Metabolic flux distribution in chemostat cultures of pyruvate kinase-deficient E. coli PB25, assuming stoichiometric conversion of PEP to pyruvate with glucose uptake via the PTS system. The chemostats were operated under glucose limitation at D values of 0.08 (top entry in the boxes) and 0.40 h⁻¹ (middle) or under ammonia limitation at D = 0.08 h⁻¹ (bottom). Flux values are relative to the specific glucose uptake rate and represent the mean of five to eight independent flux calculations that were initiated from random starting points. The maximum deviation of these independent calculations was 2, 4, and 5% of the specific glucose uptake rate for the top, middle, and bottom flux estimates given in the boxes, respectively. Fluxes marked by asterisks deviated by at most 20%. The χ² values of the top, middle, and bottom flux estimates were 200, 47, and 509, respectively. The arrows indicate the direction of the estimated fluxes. Extracellular metabolites are denoted by the subscript ex, and fluxes into biomass are given in the shaded ovals. For abbreviations, see the legend to Fig. 2.

FIG. 7.

Metabolic flux distribution at the glycolysis-TCA cycle interface in chemostat cultures of pyruvate kinase-deficient E. coli PB25 calculated without any a priori assumptions on the activities of pyruvate kinase and the PTS system.
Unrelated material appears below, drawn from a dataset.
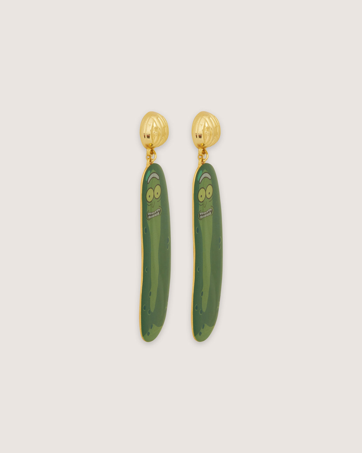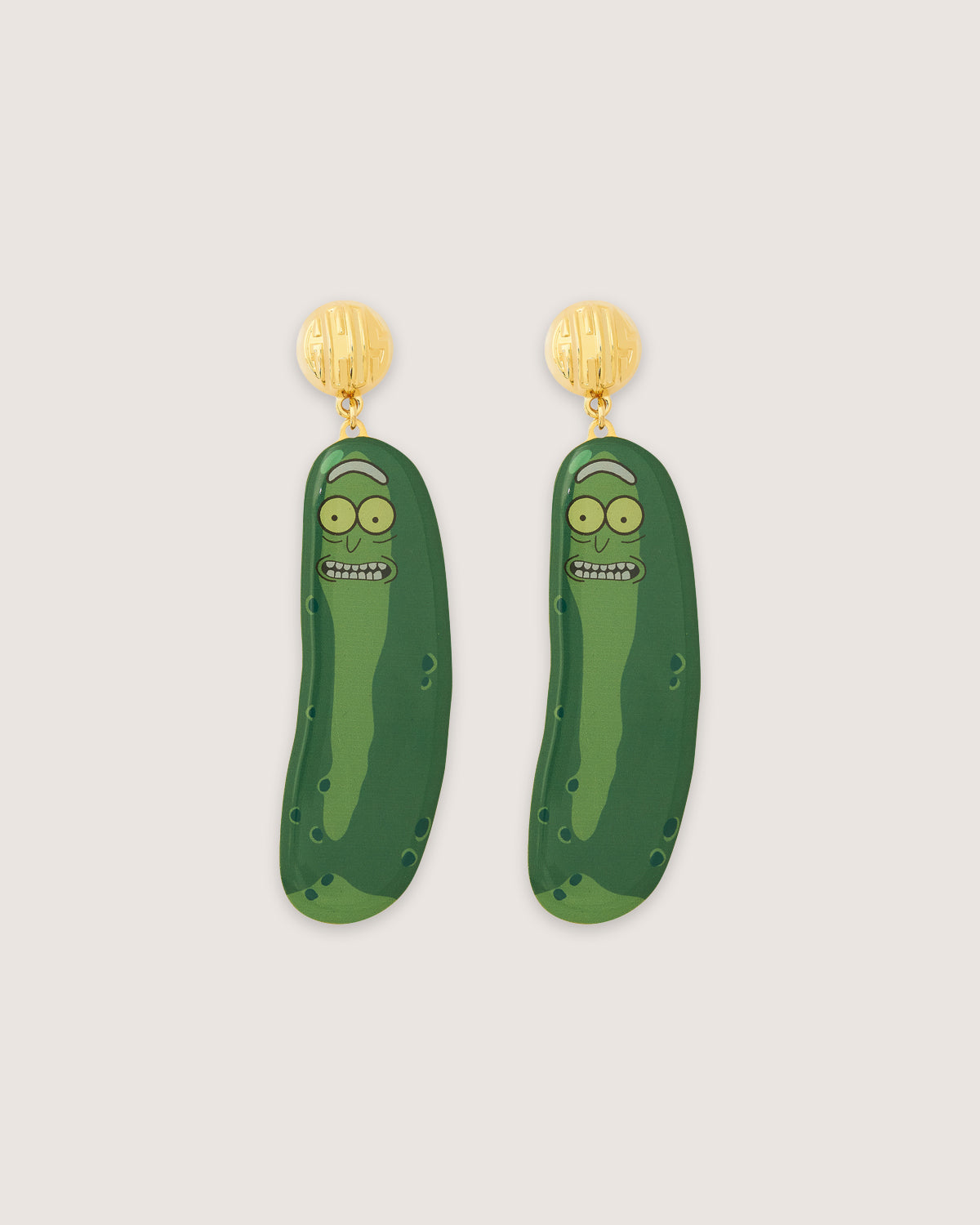 Handmade dangle earrings with Pickle Rick pendant, mounted on logo button.

This analysis was done with the experimental data used in Fig. 6 to elucidate whether our method identifies a reduced flux from PEP to pyruvate without explicitly including the pyruvate kinase knockout in the model. Flux values are relative to the specific glucose uptake rate and represent the mean of five to eight independent flux calculations that were initiated from random starting points. The maximum deviation of these independent calculations was 6, 6, and 2 to 8% of the specific glucose uptake rate for the top, middle, and bottom flux estimates given in the boxes, respectively. Fluxes marked by asterisks deviated by maximally 20%. The χ² values of the top, middle, and bottom flux estimates were 105, 46, and 450, respectively. The arrows indicate the direction of the estimated fluxes. Extracellular metabolites are denoted by the subscript ex. For abbreviations, see the legend to Fig. 2.

FIG. 8.

Comparison of metabolic flux ratios obtained from METAFoR analysis (white bars) (Table 3) or calculated from the estimated net flux distribution (gray bars) (Fig. 3 and 4) of E. coli JM101 (shaded background) and PB25 (white background). The chemostat culture conditions were glucose limitation at D = 0.09 (C₁) and D = 0.40 h⁻¹ (C₂) and ammonia limitation at D = 0.09 h⁻¹ (N). For abbreviations, see the legend to Fig. 2.